Su repubblica di questi giorni c’è un meraviglioso articolo su Guantanamo.
Guantanamo sarebe anche un posto splendido, sull’Oceano, ai caraibi. Peccato che ci sia una base militare. Nella base militarem stipati come pollame in gabbie – sì, gabbie, non è ironico – di due metri per due ci sono i prigionieri che gli americani hanno portato a casa dall’Afghanistan.
L’articolo dice che la loro situazione è migliorata. Non sono più nudi. Le gabbie sono coperte, perché si sono accorti che ai caraibi non fa fresco e al sole ci si scotta. Hanno perfino tre ore di passeggiata settimanale. Praticamente una pacchia. Il bagno – a pochi centimetri dalla testa del letto – e il lavandino con l’acqua corrente. Se va di lusso possono farsi la doccia una volta alla settimana. Col sole dei caraibi l’olezzo dev’essere simile al circo di moira orfei.
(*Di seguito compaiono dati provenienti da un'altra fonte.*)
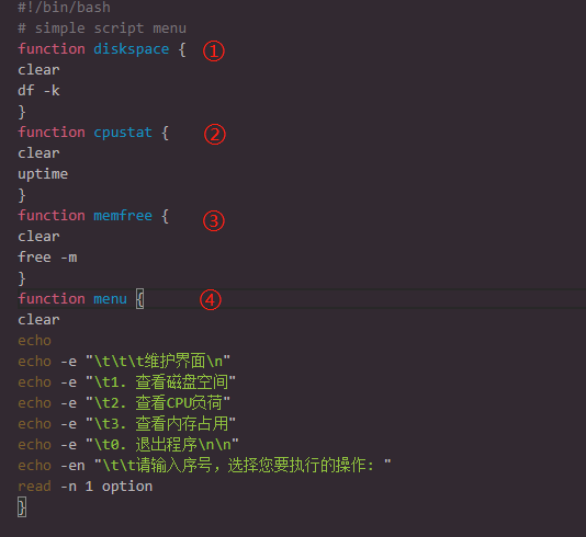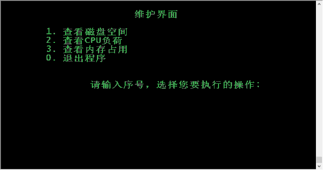 如下截图实现一个简单的菜单程序,菜单上共有四个选项,分别是查看磁盘,查看CPU负荷,查看内存占用,以及退出菜单选择。

Qualcuno dirà: sono prigionieri di guerra. Se volevano un trattamento diverso potevano andare al mare anziché combattere. Forse. Io non la penso così, ma forse.
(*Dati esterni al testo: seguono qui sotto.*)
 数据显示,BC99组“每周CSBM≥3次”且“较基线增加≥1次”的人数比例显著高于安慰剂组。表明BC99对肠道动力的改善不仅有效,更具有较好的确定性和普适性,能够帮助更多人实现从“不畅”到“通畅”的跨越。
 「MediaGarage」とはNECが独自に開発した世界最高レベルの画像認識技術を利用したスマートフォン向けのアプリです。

Però adesso a quegli uomini verrà fatto un processo. Militare, naturalmente. Che i signori degli Stati Uniti si sono arrogati il diritto di celebrare. Malgrado in Afghanmistan fosse una coalizione a combattere e malgrado in quelle stie – chiamiamo le cose col loro nome – ci siano cittadini di quasi trenta paesi.
Anche l’Italia.
E alla fine di quel processo, con le nuove direttive militari stabilite dopo l’11 settembre, può scattare una condanna a morte.
Senza appello. Non è previsto. Come è precisto che il processo si possa svolgere in alcune parti senza la presenza della difesa.
La base ha dovuto assumere uno psicologo a tempo pieno. In media un detenuto su tre ha tentato almeno una volta il suicidio.
Ora, io non sono un pacifista tout court, non sono uno che dice che le armi non servono a niente mai, ma sono uno che si incazza. Mi incazzo quando sento gli States criticare i diritti umani in Cina, a Cuba, in Iraq, in Iran. Mi incazzo quando sento la propaganda da quattro pugnette dei network americani – gente che fattura più del PIL del Congo – contro il trattamento subito dai soldati americani catturati in Iraq o dai Talebani.
Mi incazzo quando la più grande potenza del mondo si arroga il diritto di criticare ferocemente gli altri, di inventarsi guerre su rapporti falsi e foto aeree di paperopoli e si rifiuta di essere fiudicata, per una sorta di immunità che loro stessi si sono attribuiti.
Mi incazzo quando tutto questo dventa normale. Quando nessuno dice niente.
Quando si punta il dito contro l’arabo incivile e si fa ben di peggio.
Nei legali confini e quasi inviolati della più grande democrazia del mondo.
Probabilmente anche la più fottutamente ottusa e ipocrita.